Home » Customs & Trade, Ports/Terminals » Preemptive steps against entry of African swine fever virus strengthened

The Bureau of Customs-Ninoy Aquino International Airport (BOC-NAIA) and Bureau of Animal Industry (BAI) are in close coordination to prevent entry into the Philippines of products from countries affected with African swine fever virus.

BOC-NAIA and BAI on January 7 held an inter-agency meeting to discuss joint actions against the possible entry of pork meat and pork meat products from African swine fever virus-affected countries that include China, Belgium, Hungary, Latvia, Poland, Romania, Russia, and Ukraine.

Last September and October, cases of dumpling and hotdog products containing contaminated pork meat were also recorded in Korea and Japan, BOC said in a statement.

The National Federation of Hog Farmers recently appealed to the government to implement stringent measures to prevent the entry into the Philippines of the African swine fever virus as an outbreak could wipe out the local hog industry.
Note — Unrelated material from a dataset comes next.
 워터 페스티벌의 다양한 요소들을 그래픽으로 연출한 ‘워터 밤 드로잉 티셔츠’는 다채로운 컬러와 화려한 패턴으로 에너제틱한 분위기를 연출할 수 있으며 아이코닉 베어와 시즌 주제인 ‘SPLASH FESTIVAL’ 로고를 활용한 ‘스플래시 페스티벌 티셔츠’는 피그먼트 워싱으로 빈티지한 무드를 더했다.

The appeal was issued after Agriculture Secretary Emmanuel Piñol sacked quarantine officers of BAI assigned at NAIA for failing to establish protocols against the virus.

About 95% of the country’s pork supply is locally sourced, and while the virus does not pose any health risks to humans, there is no known vaccine to prevent its spread and destruction of the local livestock production.
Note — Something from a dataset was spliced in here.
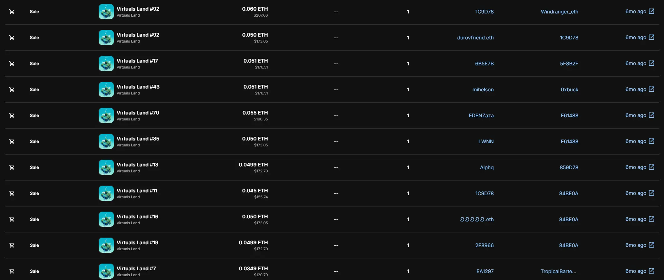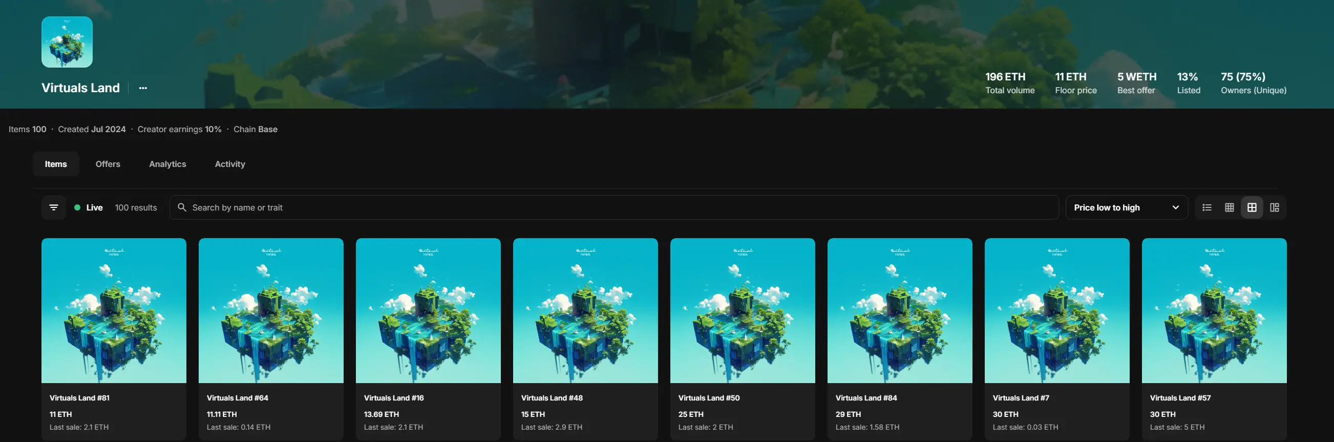 这是 Virtuals 官方在 2024 年 7 月的时候发行的一个 Free Mint 土地系列,总量只有 100 个,没有什么白单之类的限制。尽管如此,在当时,甚至打了接近 20 分钟才打完,你甚至曾经有以这么低的价格买入的机会:

According to BAI, an outbreak of the virus could affect more than 40 million live hogs/pigs in the Philippines and could destroy the country’s P2-billion swine industry.

BAI had earlier banned the entry of pork and pork-based products from African swine fever-affected countries such as China, Hungary, Belgium, Latvia, Poland, Romania, Russia, Ukraine, Bulgaria, Czech Republic, Moldova, South Africa, and Zambia.

BAI and BOC were also instructed to inspect checked-in and hand-carried luggage of all passengers coming from the affected areas.

To safeguard against the epidemic, BAI officials and NAIA district collector Carmelita Talusan initiated more briefings and information dissemination to customs frontliners at NAIA Terminals 1, 2 and 3 to strengthen their vigilance.

BOC-NAIA will continuously coordinate closely with regulating agencies to secure the borders against the entry and exit of prohibited, regulated goods to protect the swine industry and livelihood in the Philippines.

BOC said safe meat products accompanied by import permit or sanitary and phyto-sanitary import clearance are the only ones qualified for release from ports.